Therapeutic Drug Monitoring (TDM), Drug Interactions checking programs and pharmacogenetic tests are valuable instruments in daily clinical practice's quality assurance. However, routine testing would be expensive and there seems no need for it. Many years work experience in pharmacovigilance and quality assurance in psychiatry led us to develop and apply an algorithm [1]. This decision tree leads in several ,,stop/go" steps from the clinical situation of inefficacy or adverse reaction to measuring and interpreting plasma levels, checking for pharmacokinetic interactions and finally, if indicated, to pharmacogenetic tests with genotyping and/or phenotyping. Genetic results should be noted for future treatments, a ,,pharmacogenetic card" is proposed.
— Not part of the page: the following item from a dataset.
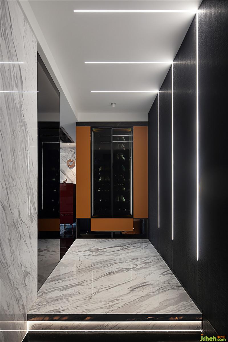 客厅装饰柜我喜欢用悬空加灯光的设计,还是为了空间的视觉变大。中间橙色的装饰柜点亮了这一面墙,色调上也和餐厅空间进行了衔接。

Several clinical cases, mainly from the pharmacovigilance program AMSP, are used to illustrate its practical use: interpretation of plasma levels and metabolic ratios, benefit and limitations of drug interaction programs, indication for pharmacogenetic testing, and examples of other factors influencing drug response.
The interplay of genetics, drug interactions, life style and other personal vulnerabilities like comorbidity make prediction of drug response very complex. The use of TDMplus has proven useful guiding the clinicians in difficult clinical situations and helping elucidating the causality of adverse drug reactions.